This work is dedicated to the high temperature pyrolysis of municipal plastic waste using Me/Ni/ZSM-5 catalysts. Catalysts were synthetized by wet impregnation. In addition to nickel, synthetic zeolite catalysts contain calcium, ceria, lanthanum, magnesia or manganese. Catalysts were prepared and tested using 0.1, 0.5 and 2.0 Me/Ni ratios. Catalyst morphology was investigated by SEM and surface analysis. Higher concentrations of second metals can block catalyst pore channels due to the more coke formation, which leads to smaller surface area. Furthermore, the chemicals used for the impregnation were among the catalyst grains, especially in case of 2.0 Me/Ni ratios. For pyrolysis, a horizontal tubular furnace reactor was used at 700 °C. The highest hydrogen and syngas yields were observed using ceria- and lanthanum-covered catalysts.
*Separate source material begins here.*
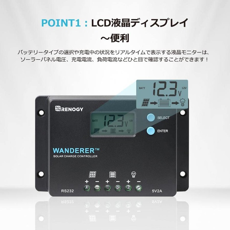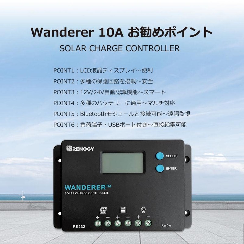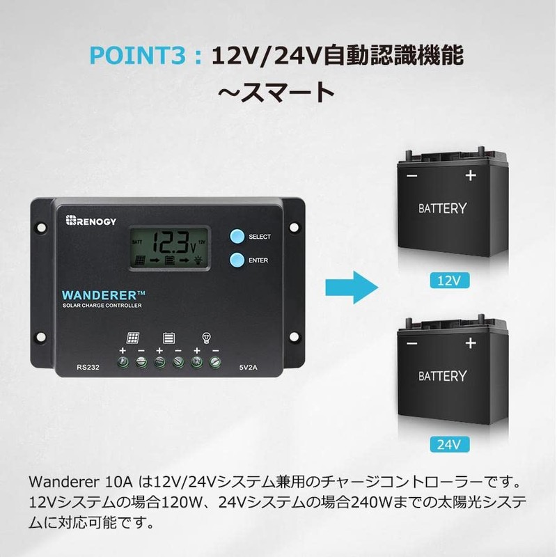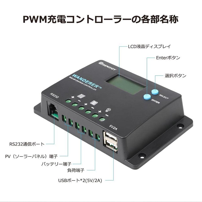 RENOGY PWM Multifunction Solar Charge Controller, 10 A, 12 V 24 V, USB 5V Output, Solar Power Only (English Language Not Guaranteed)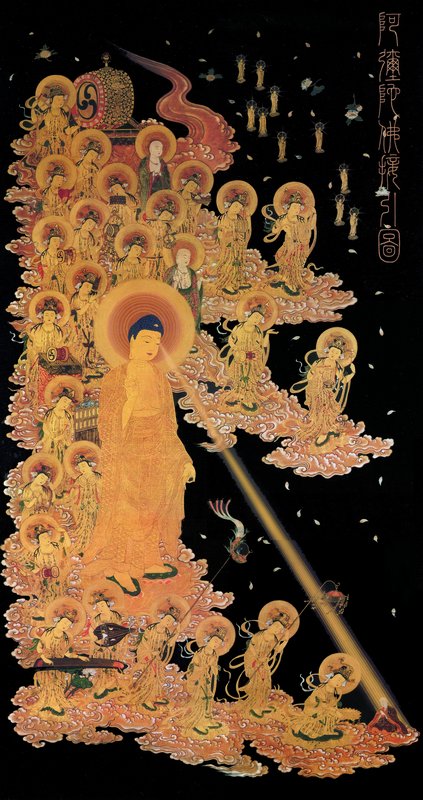“上品下生者,亦信因果,不谤大乘,但发无上道心,以此功德回向,愿求生极乐国。”“行者命欲终时,阿弥陀佛,及观世音、大势至、与诸菩萨,持金莲华,化作五百佛,来迎此人。五百化佛,一时授手,赞言:‘法子!汝今清净,发无上道心,我来迎汝!’”“见此事时,即自见身坐金莲华,坐已华合,随世尊后,即得往生七宝池中,一日一夜,莲华乃开,七日之中,乃得见佛。虽见佛身,于众相好,心不明了,于三七日后,乃了了见。闻众音声,皆演妙法,游历十方,供养诸佛,于诸佛前,闻甚深法。经三小劫,得百法明门,住欢喜地。”“是名上品下生者,是名上辈生想,名第十四观。”

The maximum production of syngas and hydrogen (69.8 and 49.2 mmol/g raw material) was found in the presence of Ce/Ni/ZSM-5 catalyst with a 0.5 Me/Ni ratio.

Suggested Citation

  • Mohammed Al-asadi & Norbert Miskolczi, 2020. "High Temperature Pyrolysis of Municipal Plastic Waste Using Me/Ni/ZSM-5 Catalysts: The Effect of Metal/Nickel Ratio," Energies, MDPI, vol. 13(5), pages 1-11, March.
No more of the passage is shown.